Hehehe..judul artikel ini sedikit ke-inggris2-an. Bukannya mo sok ng-Inggris, tapi gw ga tau padanan kata yg tepat dalam bahasa Indonesia...meski bukan berarti judulnya ini bener juga.tongue

Well...yg dimaksud speedlag di sini tidak terkait dg internet, jadi bukan fakir benwit ataupun benwit limit edition...tapi seperti yg tertera di judul artikel ini, terkait dg motor. Jadi begini...sejak gw ngerasain enaknya bermotor keluar kota (mudik ke Bandung), gw jadi keterusan untuk tancap gas dg kecepatan kisaran 60-80 km/jam. Enaknya, kecepatan segitu itu stabil...jadi jarang/hampir ga pernah gw ngerem, kecuali untuk kasus2 tertentu (macet, dst dst).

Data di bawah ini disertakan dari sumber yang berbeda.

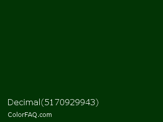 Decimal 5170929943 Color is a very dark green color and the nearest color is Deep Fir #002900. Hex code #023405 and RGB value is rgb(2,52,5). In RGB color space, this color is composed of 1% red, 20% green, 2% blue, In CMYK color space, this color is composed of 96% cyan, 0% magenta, 90% yellow , 80% black , In HSL color space, this color has a hue angle of 124° , 93% saturation and 11% lightness.
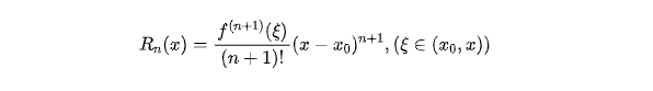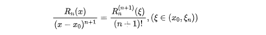 R_n(x) ,我们称它为拉格朗日余项。我们也可以简写为 o[(x-x0)^n] ,它称为佩亚诺型余项,其实和拉格朗日余项是一回事,只是写的形式不同。
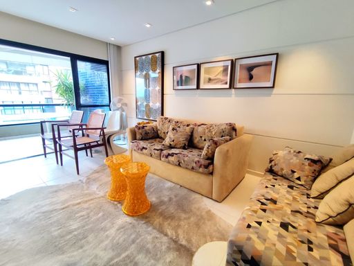 - 220m² área útil - 04 suítes - Dormitório e banheiro de serviço - Mobiliado - Living para 03 ambientes - Sala integrada com varanda - Varanda gourmet com fechamento em vidro - Cozinha planejada - 03 vagas de garagem - Deposito individual Diferenciais: - Pé na areia e frontal ao mar - Iluminação moderna - Ar condicionado em todos os ambientes
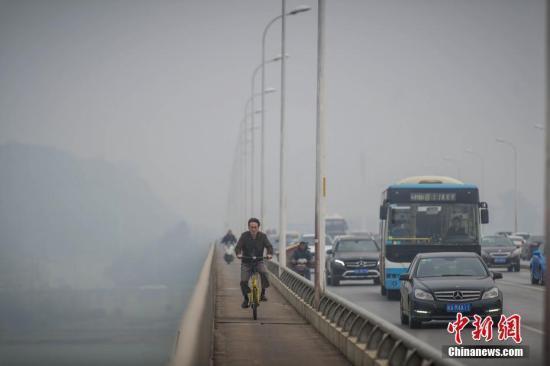2月17日,一位市民在雾霾中骑行。 胡超群 摄
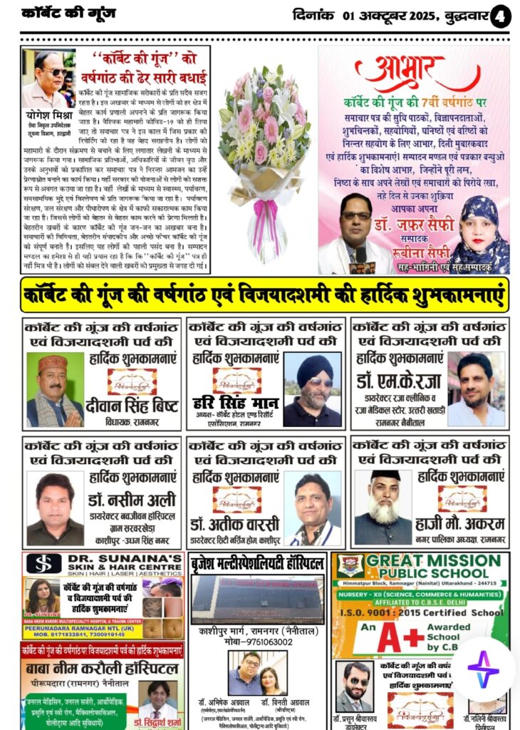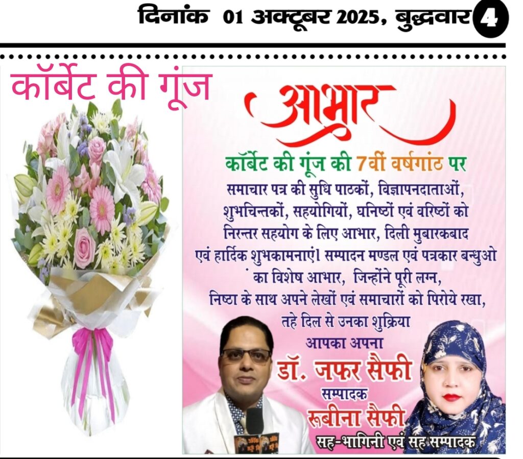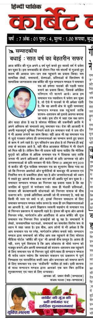 आम जन की आवाज व सच्चाई के आईने लोकप्रिय समाचार पत्र एवं न्यूज़ पोर्टल *कॉर्बेट की गूँज* के द्वारा 6 वर्ष की आयु पूर्ण करके 7 वे वर्ष में प्रवेश करने के उपलक्ष्य में आप सभी सुधी पाठको व शुभचिंतकों, विज्ञापन दाताओं का दिल से आभार🎂 Happy Birthday to C.K.G.🎂

Nah, kondisi ini (keasikan nge-gas) ternyata terus berlangsung, meski gw dah kembali ke rutinitas di Jakarta yg demikian macet. Hingga akhir minggu kemaren, sebenarnya kondisi speedlag ini masih bisa dimaklumi karena Jakarta masih cukup sepi sehingga meski pulang ngantor jam 7-8 malam, sepanjang Gatsu dan Mampang gw masih bisa tancap gas.big grin

Namun, speedlag ini gw rasa kian parah, karena meski Jakarta sudah mulai macet seperti defaultnya, gw masih ga (baca:belum) bisa sembuh dari speedlag ini. Keinginan untuk melihat jarum speedometer di angka (minimal) 60 kadang membuat gw sedikit banyak ber-manuver mencari celah di antara kendaraan yg ada. Sebenarnya ga ada masalah kalo gw bermotor di jalan Gatsu atau Sudirman (dan sesekali di Kuningan). Jalanan yg cukup lebar serta kondisi kendaraan yg agak lowong (terutama saat2 berlaku 3in1) memang memungkinkan gw untuk berada di kecepatan 60-80 km/jam.

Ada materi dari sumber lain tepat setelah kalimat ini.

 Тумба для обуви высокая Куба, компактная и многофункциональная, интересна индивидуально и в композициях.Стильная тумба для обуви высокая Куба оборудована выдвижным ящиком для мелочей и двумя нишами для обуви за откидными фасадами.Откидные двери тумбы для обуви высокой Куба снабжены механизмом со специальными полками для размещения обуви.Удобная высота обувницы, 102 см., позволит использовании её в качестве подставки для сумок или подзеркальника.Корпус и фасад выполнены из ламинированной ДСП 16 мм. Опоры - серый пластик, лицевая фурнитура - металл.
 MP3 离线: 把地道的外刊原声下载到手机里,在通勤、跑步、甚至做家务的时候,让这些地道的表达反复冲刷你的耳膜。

Masalahnya, di Mampang yg macet pun gw masih 'nekad' pengen di 60-80...padahal hal ini sebenarnya bahaya...karena kendaraan lain (terutama metromini) seringkali 'ga aware' dg motor. Bukan mustahil gw bisa celaka karena perbuatan gw sendiri.nailbitingworried

Ada saran agar gw bisa sembuh dari speedlag ini??d'ohI don't know!